Water flicked through the car’s open window, lashing my eyes. I raced through the city streets, the engine screaming and tyres hissing on the wet tarmac. I broke out into open country and a vista of cypress-dotted hills and rock outcrops before the road looped back into the suburbs.
I sped around a tight corner in a hilly residential area. The tyres hit a bad road repair and I slid out of control across the smooth, treacherous bitumen. The car spun a full circle before bumping against the kerb, not a damaging impact, but heavy enough to jolt me into awareness of my surroundings.
Olives, Page 191
Paul’s driving has obviously not been improved by his time in the Middle East. This is hardly a surprise, driving across the region is generally appalling and rarely less than bonkers. There are some regional hotspots – Cairo really takes the biscuit, it’s the one place in the Middle East where I’ve always managed to avoid driving, but that hasn’t really helped, as being driven around by a maniac with a clear death-wish is only barely preferable to taking matters into your own hands and trying to carve your own path through the impossible, choking traffic.

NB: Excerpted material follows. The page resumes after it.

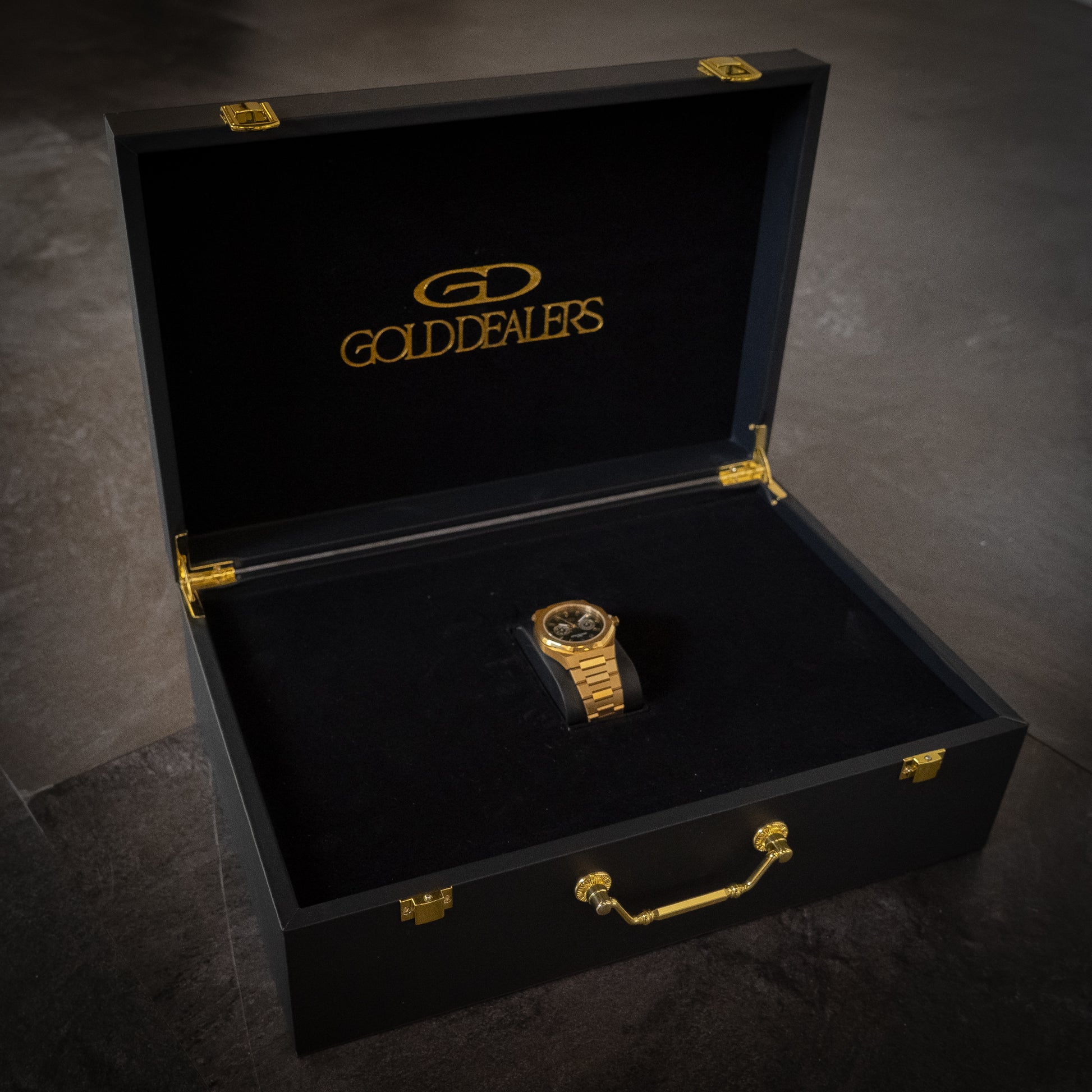 Este magnífico reloj refleja el espíritu de nuestra marca, la conexión entre la elegancia, el lujo y, sobre todo, el oro. Está hecho de acero inoxidable y chapado en oro de 18K, tanto en la caja de reloj como en la correa. Entre sus características encontramos dos cronógrafos chapados en oro de 18K en el interior del dial, un movimiento japonés, además de que es resistente al agua hasta 50 metros de profundidad. Pídelo hoy y tendrás garantía de por vida donde te solucionaremos cualquier problema que puedas tener con él.

The GCC is a tad more gentlemanly these days, the UAE, Dubai in particular, has calmed down following a somewhat draconian crackdown by Dubai' radar-toting police (the Emirate features a fixed rader every 2km on most roads and mobile 'sneaks' on top of that). I do recall in Saudi Arabia during the 1980s, if you waited too long at a roundabout, the guy behind you would just shove you in with his bumper. Lebanon, too, has calmed down as drivers have become used to the fact you don’t need to avoid snipers anymore. It’s taken the best part of 20 years for that to sink in, mind you. And Beirut's traffic lights are still occasionally regarded as a pretty display to brighten up the roadside rather than an actual instruction to behave in a certain way.

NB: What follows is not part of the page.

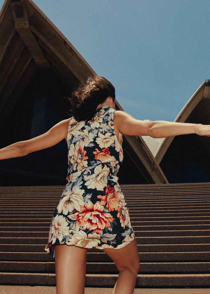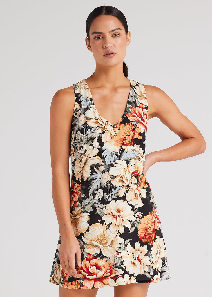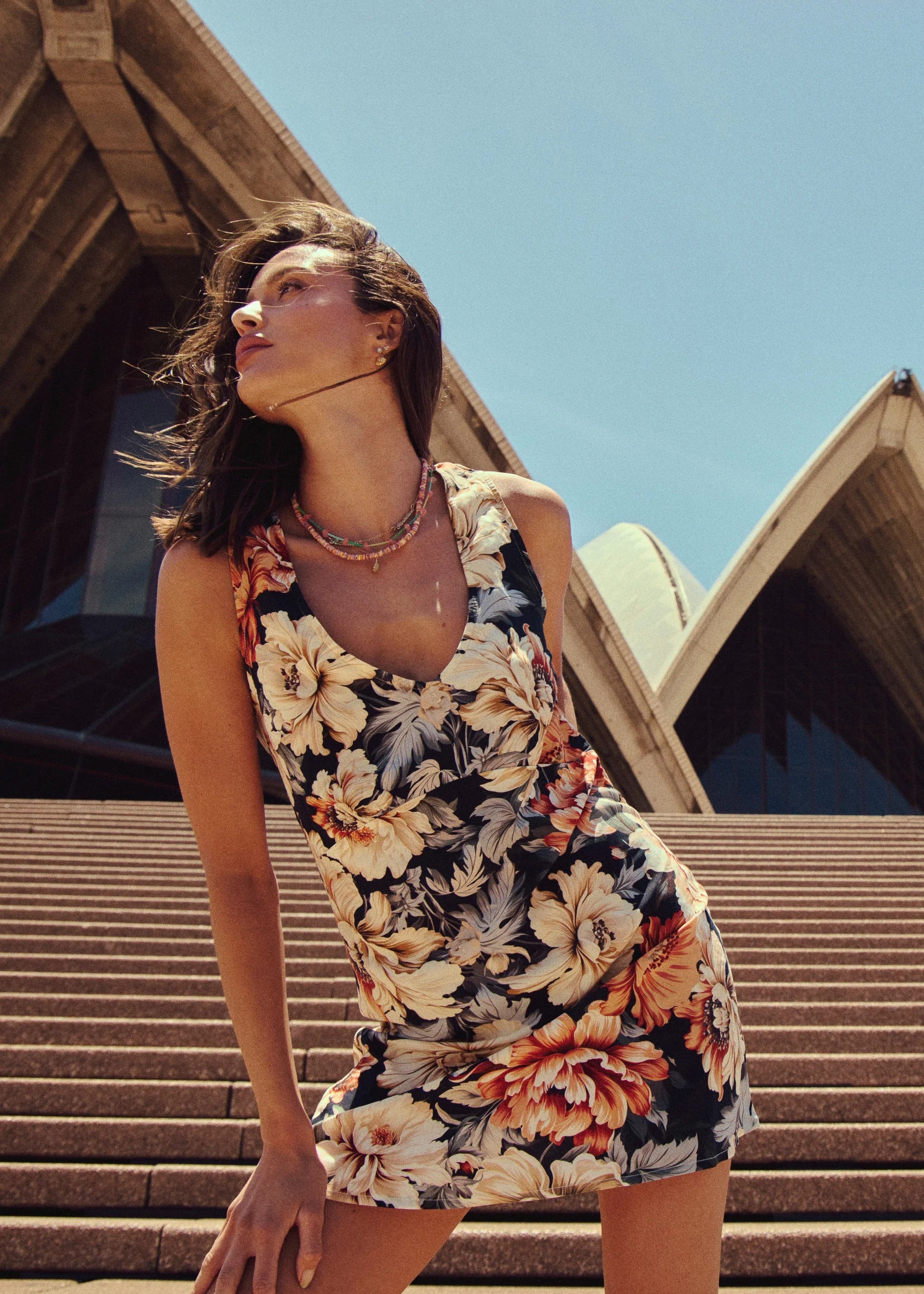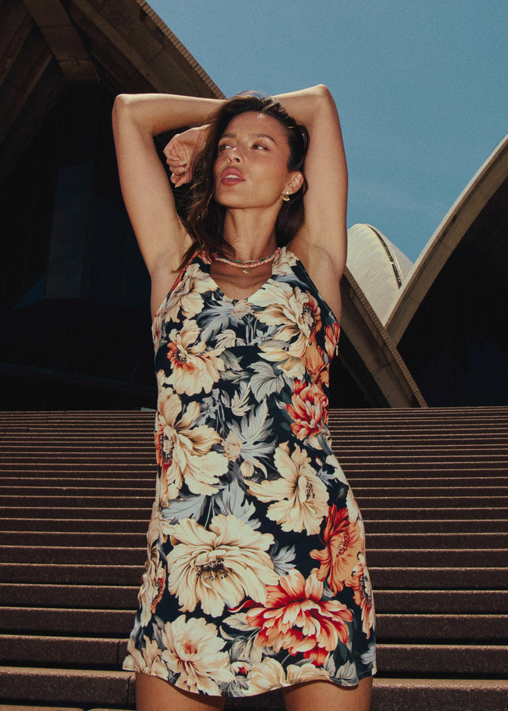 Featuring our vintage inspired floral, Panama. This effortless style features a V neckline with an under bust seam. The body is cut on bias and is crafted in 100% Rayon.

I’ve never had the slightest hesitation in driving in Jordan, though. Amman’s rush hour can get pretty hectic these days and roundabouts are still an invitation to play chicken and ignore any such facile concept as right of way. The roads are still, in the main, pretty badly maintained, too. But muddling your way through the snarling lanes of traffic, the usual pile of people, choking fumes and honking horns, somehow doesn’t seem as, well, potentially fatal as Cairo does. And once you’re out in the country, windows open and cypress-dotted hillsides speeding past, you’re in heaven...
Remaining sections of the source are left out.